For me I'll be keeping my existing TiVo until it dies. With the death of my TiVo, so does my TiVo account. I would very much like to upgrade my existing lifetime subscription TiVo box by selling it to offset the cost of the new one, but it looks like TiVo has decided to cut the legs off their long time existing customers by not allowing transfers after selling.

Not only will they loose me, but they will also loose the new future customer that I was going to sell my lifetime box to.

Very disappointed, the Bolt looks very appealing for a replacement.


----------



## tlfromai (Oct 1, 2015)

caughey said:


> All-In Plan
> The All-In Plan ($599.99 one-time fee, plus any applicable taxes) replaces Product Lifetime Service (PLS). It provides service for the life of the TiVo device for which it is purchased, and remains with the device in the event of an ownership transfer. The All-In Plan is available for TiVo BOLT Series UESs and Roamio Pro DVRs. Devices that already have PLS will continue to receive service for the life of the device.


:up: Good catch. Not sure why the CSR would tell me differently. Maybe there's just a lot of confusion with all the changes going on. Still too expensive, but at least it looks like it is still transferable (for now).


----------



## waynomo (Nov 9, 2002)

Morpheus101 said:


> For me I'll be keeping my existing TiVo until it dies. With the death of my TiVo, so does my TiVo account. I would very much like to upgrade my existing lifetime subscription TiVo box by selling it to offset the cost of the new one, but it looks like TiVo has decided to cut the legs off their long time existing customers by not allowing transfers after selling.
> 
> Not only will they loose me, but they will also loose the new future customer that I was going to sell my lifetime box to.
> 
> Very disappointed, the Bolt looks very appealing for a replacement.


The sky is not falling. Read more of the thread.


----------



## tarheelblue32 (Jan 13, 2014)

Morpheus101 said:


> For me I'll be keeping my existing TiVo until it dies. With the death of my TiVo, so does my TiVo account. I would very much like to upgrade my existing lifetime subscription TiVo box by selling it to offset the cost of the new one, but it looks like TiVo has decided to cut the legs off their long time existing customers by not allowing transfers after selling.
> 
> Not only will they loose me, but they will also loose the new future customer that I was going to sell my lifetime box to.
> 
> Very disappointed, the Bolt looks very appealing for a replacement.
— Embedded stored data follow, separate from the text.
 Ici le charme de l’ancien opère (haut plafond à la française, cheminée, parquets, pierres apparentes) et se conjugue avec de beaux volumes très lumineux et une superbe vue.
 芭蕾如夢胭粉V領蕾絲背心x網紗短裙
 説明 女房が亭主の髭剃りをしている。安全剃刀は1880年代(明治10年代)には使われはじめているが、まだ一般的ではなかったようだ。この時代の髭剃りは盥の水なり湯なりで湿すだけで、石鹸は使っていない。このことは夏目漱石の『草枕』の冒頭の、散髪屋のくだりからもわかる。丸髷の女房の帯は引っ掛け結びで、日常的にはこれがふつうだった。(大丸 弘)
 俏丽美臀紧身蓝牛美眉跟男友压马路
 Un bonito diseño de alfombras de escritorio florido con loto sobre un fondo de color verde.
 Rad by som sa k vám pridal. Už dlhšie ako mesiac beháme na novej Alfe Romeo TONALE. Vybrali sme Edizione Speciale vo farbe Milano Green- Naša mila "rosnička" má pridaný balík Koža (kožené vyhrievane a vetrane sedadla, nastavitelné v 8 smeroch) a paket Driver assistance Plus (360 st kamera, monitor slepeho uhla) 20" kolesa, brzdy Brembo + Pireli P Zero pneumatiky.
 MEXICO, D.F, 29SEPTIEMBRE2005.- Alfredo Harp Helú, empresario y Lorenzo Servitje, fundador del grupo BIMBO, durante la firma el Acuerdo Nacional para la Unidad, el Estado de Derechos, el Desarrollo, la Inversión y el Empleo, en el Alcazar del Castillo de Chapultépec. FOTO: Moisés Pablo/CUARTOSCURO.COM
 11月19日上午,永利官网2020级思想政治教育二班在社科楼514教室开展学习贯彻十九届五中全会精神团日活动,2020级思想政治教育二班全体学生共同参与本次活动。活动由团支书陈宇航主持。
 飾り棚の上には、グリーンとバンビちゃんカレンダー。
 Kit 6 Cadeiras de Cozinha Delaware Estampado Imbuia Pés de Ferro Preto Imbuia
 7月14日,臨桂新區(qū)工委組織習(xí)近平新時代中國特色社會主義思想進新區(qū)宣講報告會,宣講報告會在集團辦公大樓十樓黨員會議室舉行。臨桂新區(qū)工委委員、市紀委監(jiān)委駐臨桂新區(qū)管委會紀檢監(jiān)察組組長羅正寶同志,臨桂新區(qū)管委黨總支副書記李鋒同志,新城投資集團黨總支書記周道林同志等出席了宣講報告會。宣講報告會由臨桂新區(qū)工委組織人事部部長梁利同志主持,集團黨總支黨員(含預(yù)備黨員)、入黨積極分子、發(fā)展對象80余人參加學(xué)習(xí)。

Take a deep breath and relax. Lifetime is still transferrable when you sell, just like it's always been.


----------



## HeadsUp7Up (Oct 28, 2014)

I know it's already been said but I bought a Roamio yesterday with lifetime on it and it transferred just fine to my account. Don't panic.


----------



## Morpheus101 (Jan 14, 2006)

HeadsUp7Up said:


> I know it's already been said but I bought a Roamio yesterday with lifetime on it and it transferred just fine to my account. Don't panic.


Thanks,

It looks like the Bolt and lifetime is around $900 ?

Is there a cheaper way to get both new ?


----------



## HeadsUp7Up (Oct 28, 2014)

Morpheus101 said:


> Thanks,
> 
> It looks like the Bolt and lifetime is around $900 ?
> 
> Is there a cheaper way to get both new ?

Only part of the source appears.